On clinical examination, choking or dysphagia as a result of malfunctioning or absent pharyngeal reflexes would indicate a problem with the glossopharyngeal nerve.
Vagus nerve (X)
The vagus nerve is part of the group of cranial nerves responsible for innervation of structures derived from the branchial arches. It is also part of a group, together with the glossopharyngeal and accessory nerves, that passes through the jugular foramen which is termed the vagus group. The vagus nerve innervates structures related to the fourth branchial arch. The vagus nerve has cell bodies that are referred to as nucleus ambiguus.
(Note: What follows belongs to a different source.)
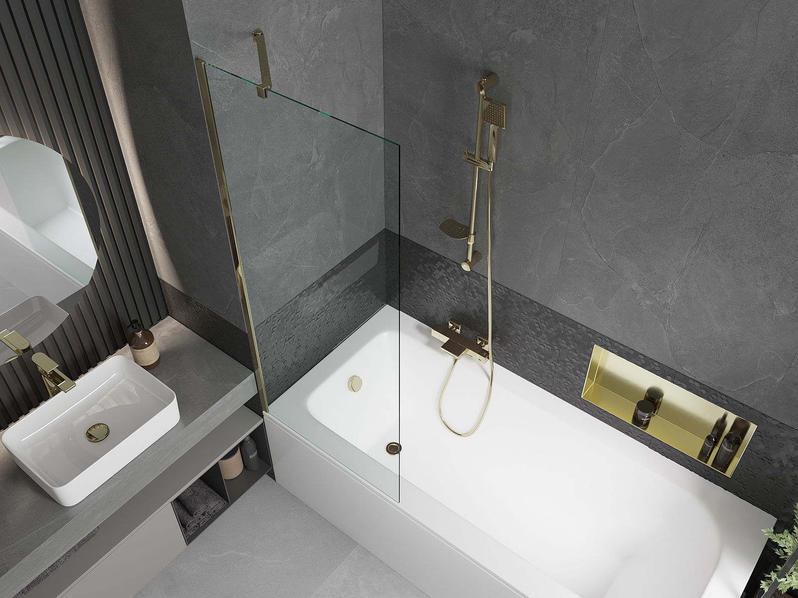 Proteção eficaz contra o derramamento de água durante o banho. O parapeito possui vedações que se ajustam perfeitamente à superfície do vidro e à borda da banheira. Solução funcional que garante segurança e fácil manutenção da limpeza.

The vagus nerve is composed of many different types of nerve fibre including general somatic efferent fibres supplying motor function to the muscles of the larynx, pharynx, palate and oesophagus; general visceral afferent fibres to the base of the tongue, pharynx and larynx; general visceral efferent fibres for parasympathetic supply of the thoracic and abdominal viscera; special visceral afferent fibres supplying taste to regions of the epiglottis and palate and finally general somatic afferent fibres to the external ear and the dura mater. The vagus nerve also supplies general somatic afferent fibres and special visceral afferent fibres to the root of the tongue.
There are many functional components of the vagus nerve including the heart, larynx, pharynx and many other viscera. On clinical examination any changes related to gag reflexes, blood pressure or heart rate, changes in 'voice' (dysphonia) or inspiratory dyspnoea may indicate a problem with the vagus nerve.
Accessory nerve (XI)
The accessory nerve is part of the group of cranial nerves responsible for innervation of structures derived from the branchial arches. It is also part of a group, together with the glossopharyngeal and vagus, nerves that passes through the jugular foramen which is termed the vagus group. The accessory nerve supplies structures related to the fourth branchial arch. The accessory nerve has cell bodies that are referred to as nucleus ambiguus and originate in the medulla oblongata. The cranial root of the accessory nerve actually contributes to the vagus nerve and to the striated muscles of the pharynx, larynx, palate and oesophagus.
However, the accessory nerve also contributes to the cervical spinal cord and spinal root through the foramen magnum; providing innervation to muscles of the neck. The spinal root of the accessory nerve branches into the dorsal branch and the ventral branch. The dorsal branch innervates the brachiocephalicus, trapezius and omotransversarius muscles of the dorsal neck. The ventral branch innervates the sternocephalicus muscle.
During clinical examination any difficulties in turning the neck or muscle atrophy around the dorsal and ventral neck may indicate a problem with the accessory nerve.
Hypoglossal nerve (XII)
The hypoglossal nerve is part of the group of cranial nerves responsible for the control of muscles of the head. It is in part a cervical nerve due to its caudal position on the brainstem. The nerve is composed of general somatic efferent fibres which control the intrinsic and extrinsic muscles of the tongue (together with other nerves including the lingual nerve, facial nerve, lingual branch of the glossopharyngeal nerve and the vagus nerve). The nucleus of the nerve is located within the medulla oblongata of the brainstem and it passes through the hypoglossal canal.
During a clinical examination any deviation of the tongue may indicate a problem with this nerve. Deviation of the tongue is always to the side of the lesion initially.